2. Experimental Section

2.1. Materials

Monomers, i.e., 1,2-butylene oxide, isopropyl glycidyl ether, allyl glycidyl ether, phenyl glycidyl ether and, benzyl glycidyl ether (all from Aldrich/Poland) were purified in a two-step procedure with drying over CaH₂ at first and distillation under reduced pressure (11 mmHg) at an appropriate temperature in the second step—at 336 K (63 °C) for BO, 414 K (131 °C) for isopropyl glycidyl ether (IPGE), 427 K (154 °C) for allyl glycidyl ether (AGE), 518 K (245 °C) phenyl glycidyl ether (PGE) and 344 K (71 °C) for benzyl glycidyl ether (BGE). Commercially available anhydrous tetrahydrofuran (THF) (Acros Organics, Poznan, Poland, water content max 50 ppm) was additionally kept over CaH₂ and distilled at 339 K (66 °C) to remove traces of impurities that could induce solvent polymerization [22,23]. Potassium hydride (KH) was purified according to the procedure [24] where a dispersion of KH in mineral oil (35 wt%, Sigma Aldrich, Poznan, Poland) was mixed with n-pentane under sealing dry argon atmosphere and then decanted. The triple repetition of this step followed by triple washing with dry THF resulted in a satisfactory purity level. Finally, THF was evaporated in a vacuum. The presence of KH in the system was determined by a standard gas law calculation of the amount of hydrogen liberated after treatment with 2-butanol (1.0 H₂ = 1.0 KH). The resulting solution was titrated to a phenolphthalein endpoint. Very little excess (<1%) of total base over hydride base (from gas evolution) indicated small hydrolysis of the original KH sample. Coronand 18C6 (1,4,7,10,13,16-hexaoxacyclooctadecane) (Merck, Warsaw, Poland) and 2,2,6,6-tetrakis(hydroxymethyl)-cyclohexanol (THMC, Aldrich, Warsaw, Poland) were used for synthesis without further purification.

2.2. Polymerization

Tripotassium salts of 2,2,6,6-tetrakis(hydroxymethyl)cyclohexanol (3K-THMC) activated 18C6 were prepared in the reaction of pure THMC with an appropriate amount (calculated) of KH in THF at 20 °C. The initial concentrations of the monomer were 3.0 mol/dm³, and the initial concentration of the initiator was 0.02 mol/dm³. For example, in the synthesis of 3K-THMC activated 18C6 potassium hydride (0.047 g, 1.2 mmol), THF (4.0 cm³) and 18C6 (0.32 g, 1.2 mmol) were introduced into the reactor.
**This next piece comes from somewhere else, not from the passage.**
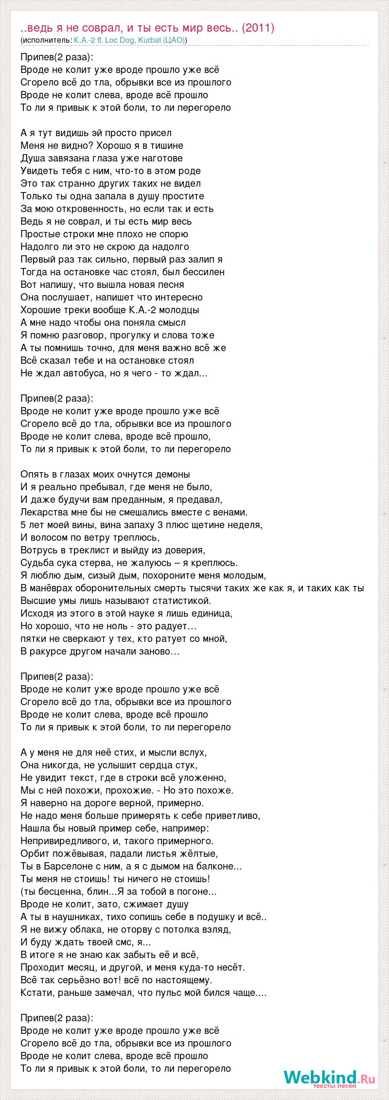 Припев(2 раза): Вроде не колит уже вроде прошло уже всё Сгорело всё до тла, обрывки все из прошлого Вроде не колит слева, вроде всё прошло То ли я привык к этой боли, то ли перегорело А я тут видишь эй просто присел Меня не видно? Хорошо я в тишине Душа завязана глаза уже наготове Увидеть тебя с ним, что-то в этом роде Это так странно других таких не видел Только ты одна запала в душу простите За мою откровенность, но если так и есть Ведь я не соврал, и ты есть мир весь Простые строки мне плохо не спорю Надолго ли это не скрою да надолго Первый раз так сильно, первый раз залип я Тогда на остановке час стоял, был бессилен Вот напишу, что вышла новая песня Она послушает, напишет что интересно Хорошие треки вообще К.А.-2 молодцы А мне надо чтобы она поняла смысл Я помню разговор, прогулку и слова тоже А ты помнишь точно, для меня важно всё же Всё сказал тебе и на остановке стоял Не ждал автобуса, но я чего - то ждал... Припев(2 раза): Вроде не колит уже вроде прошло уже всё Сгорело всё до тла, обрывки все из прошлого Вроде не колит слева, вроде всё прошло, То ли я привык к этой боли, то ли перегорело Опять в глазах моих очнутся демоны И я реально пребывал, где меня не было, И даже будучи вам преданным, я предавал, Лекарства мне бы не смешались вместе с венами. 5 лет моей вины, вина запаху 3 плюс щетине неделя, И волосом по ветру треплюсь, Вотрусь в треклист и выйду из доверия, Судьба сука стерва, не жалуюсь – я креплюсь. Я люблю дым, сизый дым, похороните меня молодым, В манёврах оборонительных смерть тысячи таких же как я, и таких как ты Высшие умы лишь называют статистикой. Исходя из этого в этой науке я лишь единица, Но хорошо, что не ноль - это радует… пятки не сверкают у тех, кто ратует со мной, В ракурсе другом начали заново… Припев(2 раза): Вроде не колит уже вроде прошло уже всё Сгорело всё до тла, обрывки все из прошлого Вроде не колит слева, вроде всё прошло То ли я привык к этой боли, то ли перегорело А у меня не для неё стих, и мысли вслух, Она никогда, не услышит сердца стук, Не увидит текст, где в строки всё уложенно, Мы с ней похожи, прохожие. - Но это похоже. Я наверно на дороге верной, примерно. Не надо меня больше примерять к себе приветливо, Нашла бы новый пример себе, например: Непривиредливого, и, такого примерного. Орбит пожёвывая, падали листья жёлтые, Ты в Барселоне с ним, а я с дымом на балконе... Ты меня не стоишь! ты ничего не стоишь! (ты бесценна, блин...Я за тобой в погоне... Вроде не колит, зато, сжимает душу А ты в наушниках, тихо сопишь себе в подушку и всё.. Я не вижу облака, не оторву с потолка взляд, И буду ждать твоей смс, я... В итоге я не знаю как забыть её и всё, Проходит месяц, и другой, и меня куда-то несёт. Всё так серьёзно вот! всё по настоящему. Кстати, раньше замечал, что пульс мой бился чаще.... Припев(2 раза): Вроде не колит уже вроде прошло уже всё Сгорело всё до тла, обрывки все из прошлого Вроде не колит слева, вроде всё прошло То ли я привык к этой боли, то ли перегорело

Then, THMC (0.088 g, 0.4 mmol) was dissolved in boiling THF (10.0 cm³), and the solution obtained was dropped to the system at 20 °C. After mixing for 1.5 h hydrogen (26.8 cm³) was evolved. Finally, 1,2-butylene oxide (1,2-epoxybutane) (5.22 cm³, 4.32 g, 60 mmol) was added and, the reaction mixture was stirred for several days. After complete conversion of the monomer, the reaction mixture was treated with H₂O or HCl/H₂O system (0.1 mol/dm³, 70 cm³) and transferred to the separator containing chloroform (70 cm³). After shaking for 5 min, two layers were formed, i.e., an inferior polyether layer and a superior layer containing water and potassium salt. These layers were separated and, the superior layer was removed. After three items of washing with distilled water, polyether was obtained by evaporating chloroform and water. In the studied systems, the final conversion was 97–99% after 1–3 weeks. Heterogeneity was observed in the systems containing 3K-THMC salt.

2.3. Measurements

100 MHz ¹³C nuclear magnetic resonance (NMR) spectra were recorded in CDCl₃ at 25 °C on a BrukerAvance 400 pulsed spectrometer (Bruker, Billerica, MA, USA) equipped with a 5-mm broad-band probe and applying the Waltz16 decoupling sequence. Chemical shifts were referenced to an internal standard (TMS—tetramethylsilanem). To reveal microstructural details of the polymer main chain high-quality spectrum must be recorded, with 3000 scans being a satisfactory amount, however, to observe the signals of the polymer chain ends, more than 10,000 scans were necessary.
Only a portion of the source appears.